What the exercise asks:
Look through the material below. Return exactly the lines from the one with "光の当たり方で微妙に表情が変" through the one with "Pet math mystery", both included.
BEGIN Task inputs
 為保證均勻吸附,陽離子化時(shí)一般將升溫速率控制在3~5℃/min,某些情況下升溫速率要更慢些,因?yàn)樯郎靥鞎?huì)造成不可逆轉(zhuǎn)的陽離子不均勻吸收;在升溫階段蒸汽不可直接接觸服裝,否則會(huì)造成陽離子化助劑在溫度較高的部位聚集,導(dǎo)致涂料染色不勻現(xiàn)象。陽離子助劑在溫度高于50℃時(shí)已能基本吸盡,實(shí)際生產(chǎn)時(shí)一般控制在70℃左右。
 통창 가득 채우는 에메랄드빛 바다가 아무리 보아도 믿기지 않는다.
END Task inputs
BEGIN Task inputs
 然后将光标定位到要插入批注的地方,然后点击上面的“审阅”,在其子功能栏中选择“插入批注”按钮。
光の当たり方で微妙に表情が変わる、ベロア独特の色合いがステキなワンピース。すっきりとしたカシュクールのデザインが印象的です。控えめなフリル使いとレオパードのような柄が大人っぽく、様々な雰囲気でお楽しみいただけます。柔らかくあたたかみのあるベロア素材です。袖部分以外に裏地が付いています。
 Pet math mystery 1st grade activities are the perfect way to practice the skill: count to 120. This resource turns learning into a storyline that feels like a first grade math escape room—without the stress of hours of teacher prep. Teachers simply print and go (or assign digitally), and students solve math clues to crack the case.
END Task inputs
Solution to the exercise:
光の当たり方で微妙に表情が変わる、ベロア独特の色合いがステキなワンピース。すっきりとしたカシュクールのデザインが印象的です。控えめなフリル使いとレオパードのような柄が大人っぽく、様々な雰囲気でお楽しみいただけます。柔らかくあたたかみのあるベロア素材です。袖部分以外に裏地が付いています。
 Pet math mystery 1st grade activities are the perfect way to practice the skill: count to 120. This resource turns learning into a storyline that feels like a first grade math escape room—without the stress of hours of teacher prep. Teachers simply print and go (or assign digitally), and students solve math clues to crack the case.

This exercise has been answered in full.